The close economic and financial ties between Latin America and Spain are widely known. The interest of the Banco de España in the region has grown, as you know, owing to the internationalisation of Spanish banks since the early 1990s, largely directed towards Latin America. In this process, the region has taken on great significance for the Spanish banking system. Indeed, Spanish banks' exposures to Latin America account, on pre-pandemic data, for almost one-fifth of the system's total exposures, and for almost 30% of exposures outside Spain. Accordingly, the region's economic performance has a most significant influence on Spanish banks' balance sheets, and the risks arising from these exposures may potentially become systemic. At the Banco de España, then, several directorates general – including Economics, Statistics and Research; Financial Stability, Regulation and Resolution; and Banking Supervision – devote many resources to monitoring all that occurs in the Latin American region from the real and financial perspective.

However, the Banco de España remains ambitious to strengthen its knowledge of and links to the region's economic agents. Our first Strategic Plan, for the 2020-2024 period, approved in January last year, actually set as one of its priorities that of increasing our contribution to this objective. As part of this aim, we are pursuing a series of medium and long-term-oriented actions in the sphere of cooperation with Latin American central banks and institutions. We also seek to extend and enhance our analytical capacity in respect of the region's economies and financial systems. We are convinced that these seminars are a firm step forward in this direction.

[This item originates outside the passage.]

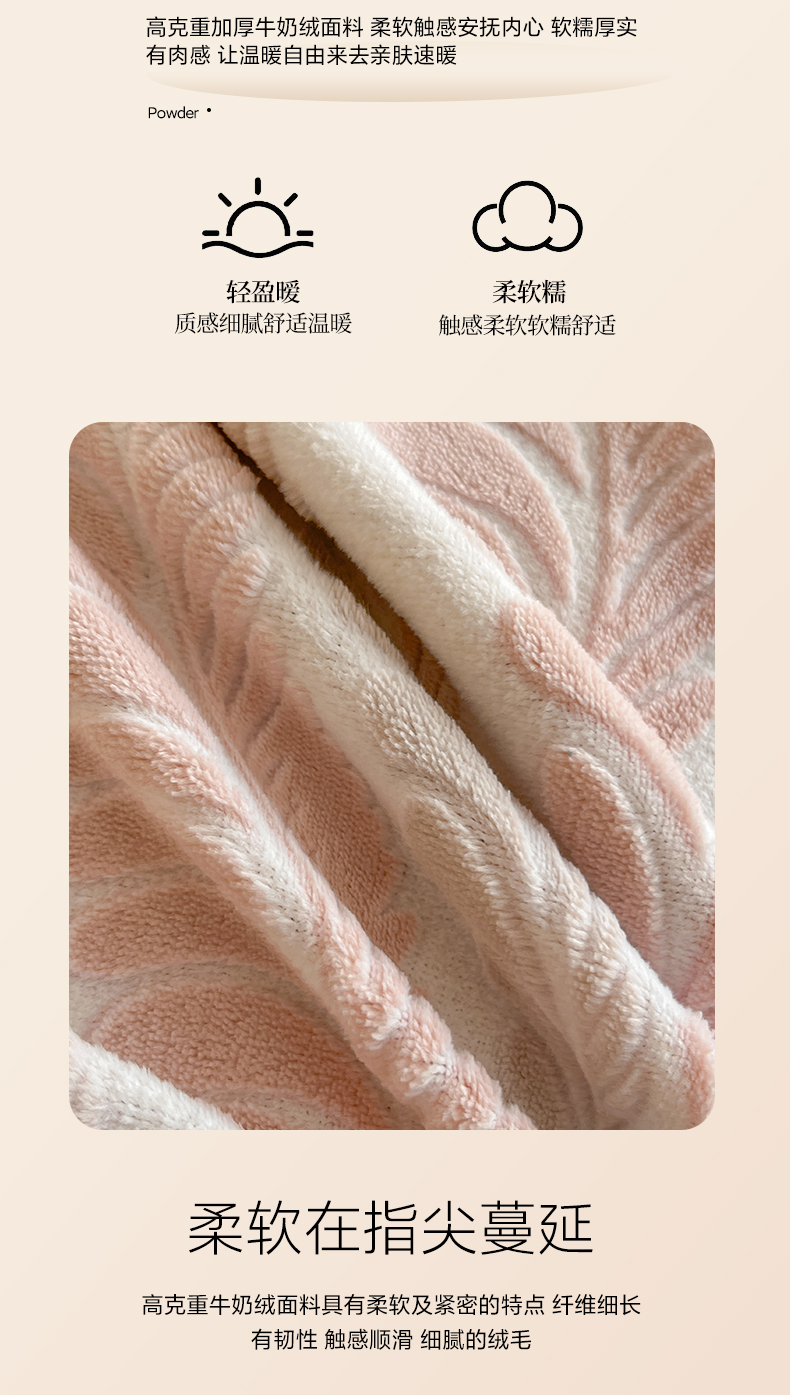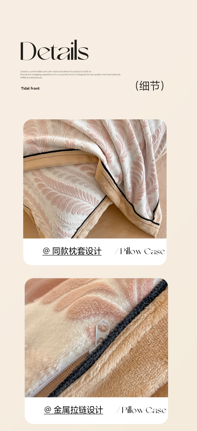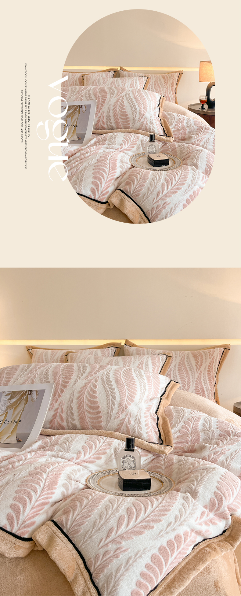 商品名称:畅畅家纺 2025新款冬季压线款雕花牛奶绒四件套 叶恋-浅粉

The aim of this webinar is to shed some light on how remittance flows during the health crisis have influenced Latin America's macroeconomic and financial stability. As you are well aware, the Latin American economic situation has been particularly affected by the COVID-19 pandemic. Along with the human cost in lives, the effects on poverty and income distribution have been very severe. The global economic recovery might also be delayed reaching the region, increasing the likelihood that the crisis may cause more persistent economic effects. Despite this difficult situation, remittances have proven pandemic-proof1 and have behaved counter-cyclically in most of the region's countries, assuming a more important role as a source of external financing. This subject is crucial to Spain, since it is the second-ranked issuer country of remittances to Latin America. Some of the topics we will address today (such as the growing importance of digital money remittances, the role of fiscal stimulus measures in the resilience of remittances and the function of the informal economy) are key to understanding the behaviour of the flow of remittances in this crisis.

Undoubtedly, today's event will allow us to better understand these developments and – I hope – to draw some useful conclusions on how to tackle them from the central bank standpoint. Thank you for your attention.

Remittances barely fell by 1.6% in 2020, compared with their 4.8% decline during the 2008 financial crisis.